***** Material for the task
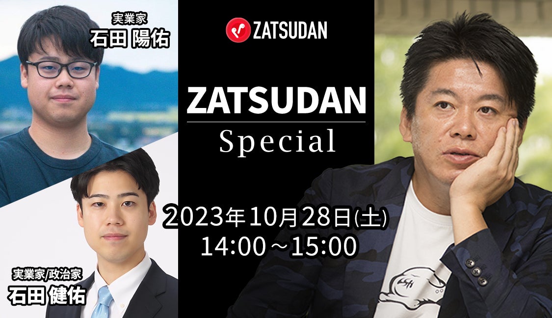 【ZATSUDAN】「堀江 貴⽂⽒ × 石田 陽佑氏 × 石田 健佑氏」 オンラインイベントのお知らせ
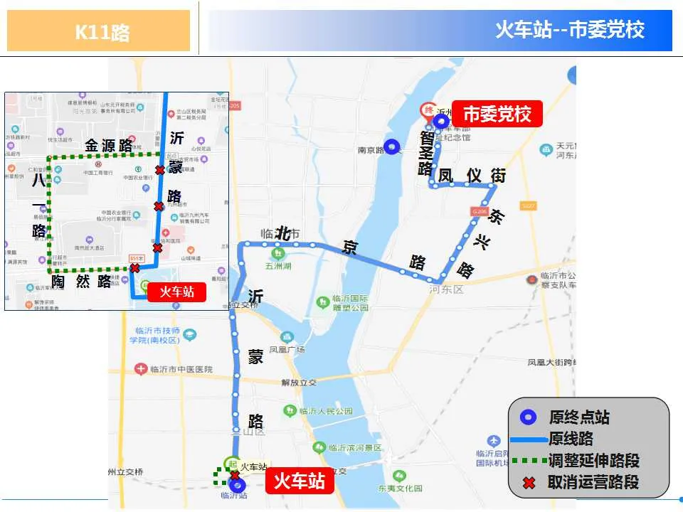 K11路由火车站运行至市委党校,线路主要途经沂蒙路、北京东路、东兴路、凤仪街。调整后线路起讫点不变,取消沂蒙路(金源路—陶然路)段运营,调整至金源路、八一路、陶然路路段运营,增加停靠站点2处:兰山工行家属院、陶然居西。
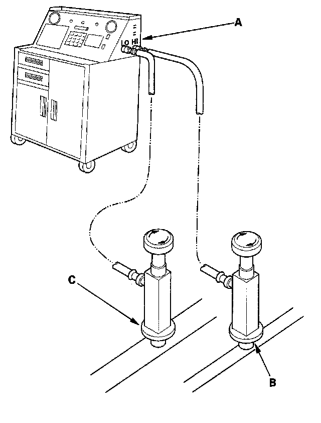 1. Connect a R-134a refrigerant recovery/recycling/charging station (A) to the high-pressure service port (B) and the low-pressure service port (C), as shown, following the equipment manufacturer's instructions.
**********
***** Material for the task
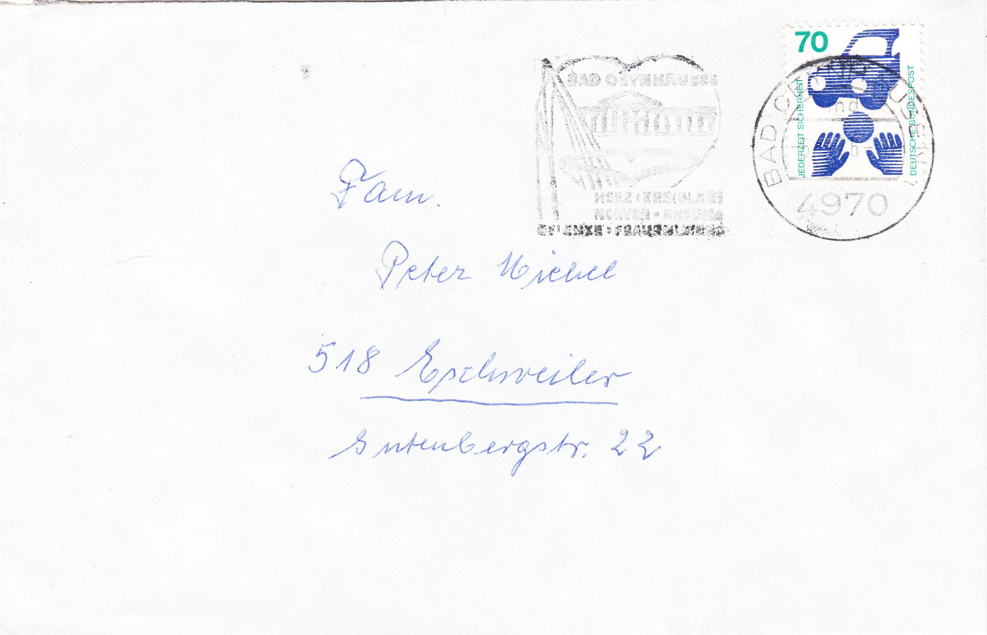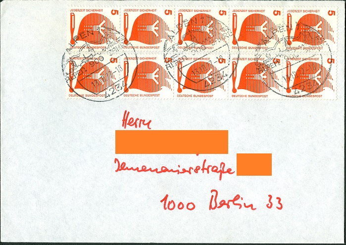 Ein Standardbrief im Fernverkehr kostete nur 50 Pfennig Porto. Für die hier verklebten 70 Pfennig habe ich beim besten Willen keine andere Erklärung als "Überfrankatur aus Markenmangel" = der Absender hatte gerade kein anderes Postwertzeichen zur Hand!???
**********
_Task to carry out_: The expected output is the lines above from the one containing "石田 健佑氏」 オンラインイベントのお知らせ" to the one containing "1. Connect a", both ends included, reproduced exactly with every picture left out.

_Result of the task_:
 【ZATSUDAN】「堀江 貴⽂⽒ × 石田 陽佑氏 × 石田 健佑氏」 オンラインイベントのお知らせ
 K11路由火车站运行至市委党校,线路主要途经沂蒙路、北京东路、东兴路、凤仪街。调整后线路起讫点不变,取消沂蒙路(金源路—陶然路)段运营,调整至金源路、八一路、陶然路路段运营,增加停靠站点2处:兰山工行家属院、陶然居西。
 1. Connect a R-134a refrigerant recovery/recycling/charging station (A) to the high-pressure service port (B) and the low-pressure service port (C), as shown, following the equipment manufacturer's instructions.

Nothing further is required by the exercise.